─── Collected material ───

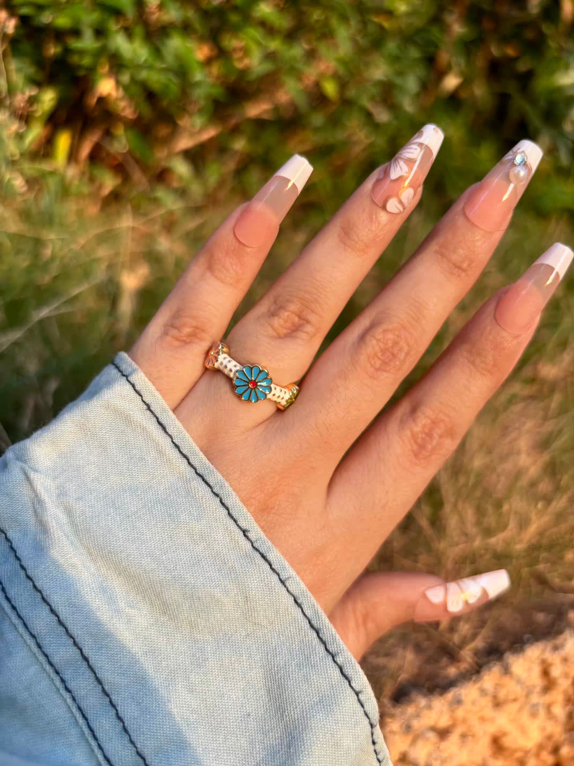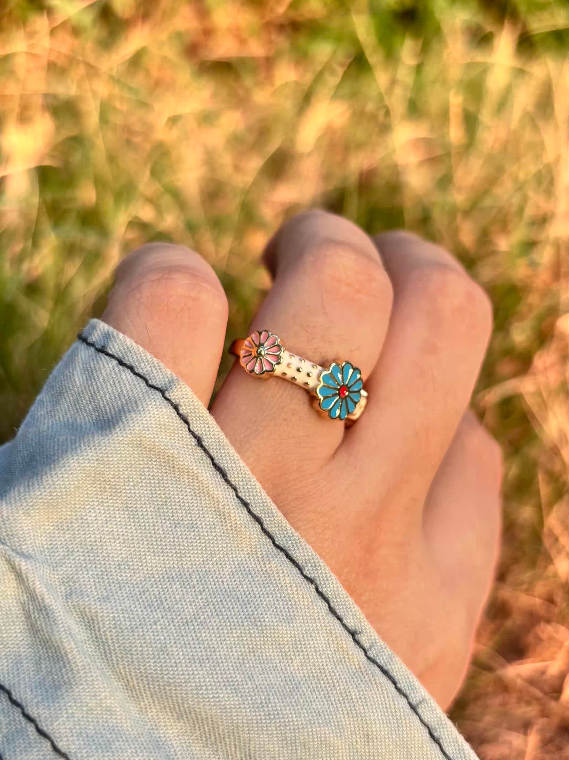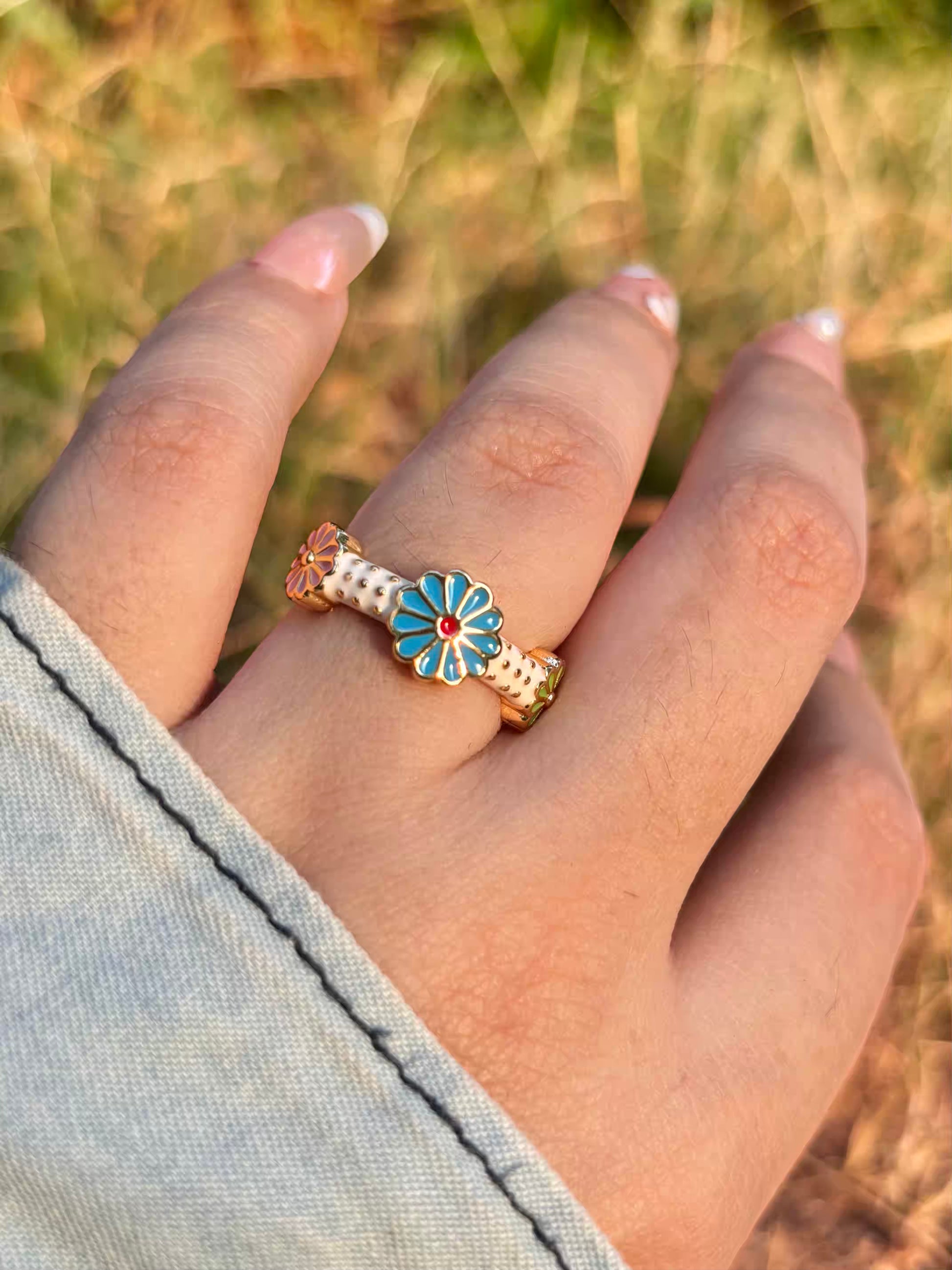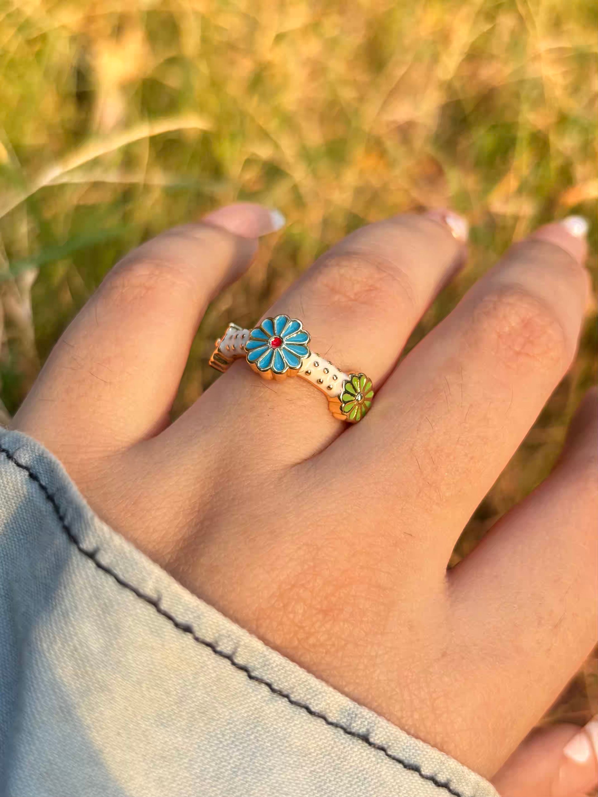 Blue Sunflower Band Ring - Adjustable
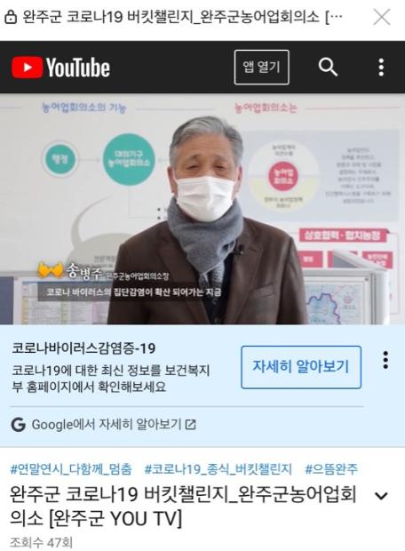 앞서 완주산단진흥회 김영보 회장의 영상 버킷 챌린지를 시작으로 전북경제살리기 도민회의 김종년 완주본부장, 이근석 완주소셜굿즈센터장, 완주청년거점공간 림보 등 완주군 거점 단체들의 코로나 확산 멈춤을 위한 구호를 외치며 군민의 참여를 독려했다.
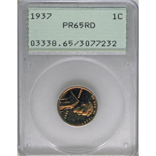 <B>1937 1C PR65 Red PCGS.</B></I> PCGS Population (356/169). NGC Census: (142/88). Mintage: 9,320. Numismedia Wsl. Price for NGC/PCGS coin in PR65: $240. (#3338)<BR><BR><B>Coin Engraver:</B> Victor D. Brenner<BR><BR><b>Shipping:</b> Coins & Currency (<a target="_blank" href="http://www.heritageauctions.com/common/shipping.php">view shipping information</a>)

───

--- What you will do ---
Please give all of the material again, exactly, without the images.

--- Reply ---
 Blue Sunflower Band Ring - Adjustable
 앞서 완주산단진흥회 김영보 회장의 영상 버킷 챌린지를 시작으로 전북경제살리기 도민회의 김종년 완주본부장, 이근석 완주소셜굿즈센터장, 완주청년거점공간 림보 등 완주군 거점 단체들의 코로나 확산 멈춤을 위한 구호를 외치며 군민의 참여를 독려했다.
 <B>1937 1C PR65 Red PCGS.</B></I> PCGS Population (356/169). NGC Census: (142/88). Mintage: 9,320. Numismedia Wsl. Price for NGC/PCGS coin in PR65: $240. (#3338)<BR><BR><B>Coin Engraver:</B> Victor D. Brenner<BR><BR><b>Shipping:</b> Coins & Currency (<a target="_blank" href="http://www.heritageauctions.com/common/shipping.php">view shipping information</a>)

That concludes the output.